In Commission 1957 to 1972

DE-1030 Deployments - Major Events

Add a DE-1030 Shellback Initiation Add a DE-1030 Deployment - Major Event
Month Year to Month Year Deployment / Event
JAN 1956 - Keel Date: 3 JAN 1956
at New York Shipbuilding Company
MAR 1957 - Launch Date: 9 MAR 1957
SEP 1957 - Commissioned: 10 SEP 1957
OCT 1962 - OCT 1962 Cuban Missle Blockade
MAR 1963 - JUN 1963 Equator Crossing Crew Initiation 3/17/63
JAN 1964 - MAY 1964 Dry Dock
JUN 1964 - JUL 1964 Caribbean
MAR 1968 - JUN 1985 Dry Dock
JUN 1969 - DEC 1969 UNITAS
JUL 1969 - Shellback Initiation - 15 JUL 1969 - Pacific Ocean
DEC 1970 - OCT 1971 North Atlantic-Med-Indian Ocean
JUL 1972 - Decommissioned: 1 JUL 1972

DE-1030 General Specifications

Class: Dealey-class destroyer escort

Named for: Joseph Taussig

Complement: 170 Officers and Enlisted

Displacement: 1877 tons

Length: 314 feet 6 inches

Beam: 36 feet 9 inches

Flank Speed: 27 knots

Range: 6 000 Nautical Miles

Final Disposition:Sold for scrap 15 June 1973


Joseph K. Taussig (DE-1030) was laid down 3 January 1956 by the New York Shipbuilding Corp., Camden, N. J.; launched 9 March 1957; sponsored by Mrs. Joseph K. Taussig, widow of Vice Admiral Taussig, and commissioned 10 September 1957, Lt. Comdr. R. S. Moore in command.

Following a Caribbean shakedown Joseph K. Taussig reported to Newport, R.I., 22 December for duty with the Atlantic Fleet. She departed Newport 12 May 1958 for Mediterranean service with the 6th Fleet. During this tour that a crisis erupted in Lebanon, and the 6th Fleet was dispatched to the area to prevent a Communist takeover. Joseph K. Taussig was at the scene, giving credibility to her namesake's words; "We are ready now." The destroyer escort remained on patrol until the crisis subsided, and then returned to Newport 7 October.

She was assigned to an antisubmarine warfare group and continued these operations until 6 February 1959 when she made a goodwill cruise to South America. Upon completion of an overhaul at Boston Naval Shipyard, Joseph K. Taussig operated out of Newport prior to Caribbean exercises during January 1960. She returned to Newport 14 February and resumed operations along the Atlantic coast.

The destroyer escort steamed toward the North Atlantic 6 September for NATO exercises, designed to show the enemies of freedom, that peace-loving nations would join forces to thwart any efforts to undermine that freedom. Joseph K. Taussig resumed coastal operations upon her return to Newport 20 October.

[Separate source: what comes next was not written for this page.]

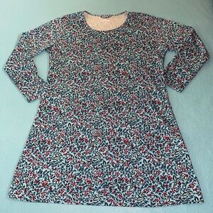 LAND’S END floral ditzy print long sleeve round neckline above the knee super soft stretchy, fit to flare, jersey knit

During January and February 1961, Joseph K. Taussig once again participated in annual exercises in the Caribbean and in April engaged in joint American-Canadian exercises off Nova Scotia. For the remainder of the year she operated in a state of readiness along the Atlantic coast and in mid February 1962 commenced 6 months of extensive ASW exercises.

During October, intelligence reports revealed evidence of Russian missile installations in Cuba. President Kennedy responded to this Communist challenge, by establishing a naval quarantine around the island. Joseph K. Taussig was ordered off Jacksonville, Fla., in November to provide a second line of defense in the crisis.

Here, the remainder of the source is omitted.